Greg Graffin is the lead singer for the punk rock band Bad Religion. He's also the owner of a Ph.D in Evolutionary Biology from Cornell University and is currently working on a study of the philosophical beliefs of prominent evolutionists. Graffin believes that philosophical naturalism is a highly satisfying substitute religion. He writes:
The most important feature of evolutionary biology is its integrated view of humankind's place in nature that easily lends itself to a deeply satisfying metaphysics based entirely on materialist principles. This provision, coupled with the observation that theology has lost so much of its appeal to the average citizen, leads to the controversial conclusion that, in the modern world, Naturalism is a substitute for, and provides all the benefits of, traditional religion. If the naturalists have their day, theism is effectively dead.

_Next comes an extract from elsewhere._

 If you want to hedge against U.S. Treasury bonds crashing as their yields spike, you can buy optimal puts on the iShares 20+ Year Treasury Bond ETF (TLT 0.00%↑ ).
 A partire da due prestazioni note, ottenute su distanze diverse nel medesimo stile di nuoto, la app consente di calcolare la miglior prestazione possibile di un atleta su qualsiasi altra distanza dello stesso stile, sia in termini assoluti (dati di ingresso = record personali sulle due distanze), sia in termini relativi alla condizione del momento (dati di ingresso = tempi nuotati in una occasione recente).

He is surely right that naturalism is a religion, but he is just as surely wrong that it is as metaphysically satisfying as traditional belief, and his claim that it provides all the benefits of traditional religion is incomprehensible. Here's why. If naturalism is true, i.e. God either doesn't exist or is irrelevant to the cosmos, then death is almost certainly the end of personal existence. If that is so, then there can be no ultimate meaning or significance to our lives, there can be no non-arbitrary ground for moral judgment, there can be no basis for human dignity or human rights, there can be no hope that true justice exists, there can be no reason to think that love is anything more than a biochemical epiphenomena, and there can be no answers to life's biggest questions, except that "life is a tale told by an idiot full of sound and fury, signifying nothing." We live for a moment and then we're gone, and nothing we do will have mattered in any truly significant way. Naturalism, in other words, is the overture to nihilism.

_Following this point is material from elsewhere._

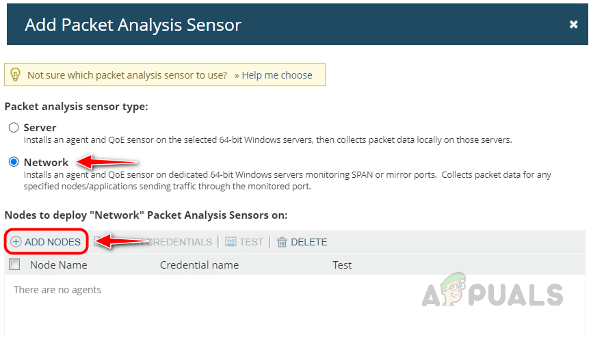 - Select the sensor type you want to deploy. Let’s select Network and click on Add Nodes for this demo.

Graffin states that: Theists do not appreciate hearing the vulgar truth of evolutionary theory, that mankind is no fallen angel, has no immortal soul, nor free will, and was not specially created. This may be the truth, and it is certainly vulgar, but one strives in vain to see the "benefit" in it. If it is true then it is a truth which brings us to the brink of the abyss of absurdity. It inspires nothing but despair. It sucks away all meaningful hope out of the life of anyone who bothers to reflect upon it for more than a few minutes.

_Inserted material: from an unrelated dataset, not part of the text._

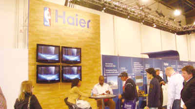 | 圖為NBA球星加里·佩頓在海爾彩電展臺助陣 | 1月8日在美國拉斯維加斯開幕的2008國際消費電子展(CES)上,海爾彩電與三星、夏普等世界一流品牌比肩而立。這一跡象意味著,中國彩電的全球化策略正在漸顯成效。 許多市場分析家認為:中國產(chǎn)品攻占了不少低端消費市場,但欲與國際知名品牌分庭抗禮還為時尚早。而海爾彩電的行動證明,經(jīng)過10年全球化拓展,中國彩電品牌已經(jīng)取得了世界的承認,其產(chǎn)業(yè)位置已經(jīng)置于“世界的中央”。

Graffin continues by claiming that: By polling evolutionary biologists on these issues, the project will yield very satisfying results. It will tell us the degree to which evolutionary biologists believe in naturalism, and whether evolutionary biology can form the basis for an ethical system that is devoid of supernatural reasoning. This is a very odd sentence. After having categorically denied that we have free will he seeks an ethical system where ethics is impossible. There is no morally binding ethic to be found in natural selection. Mindless material forces cannot impose an ethic, and neither humans nor animals can be moral agents if their behavior is determined by their genes and their evolutionary history. If we have no free will our moral sense is an illusion, and the attempt to ground an ethics in evolution is a chimera. It inevitably reduces to an egoistic "might makes right" and can give no answer to the question why I should not harm my neighbor if doing so is in my self-interest.
It will be interesting to see the results of Graffin's study.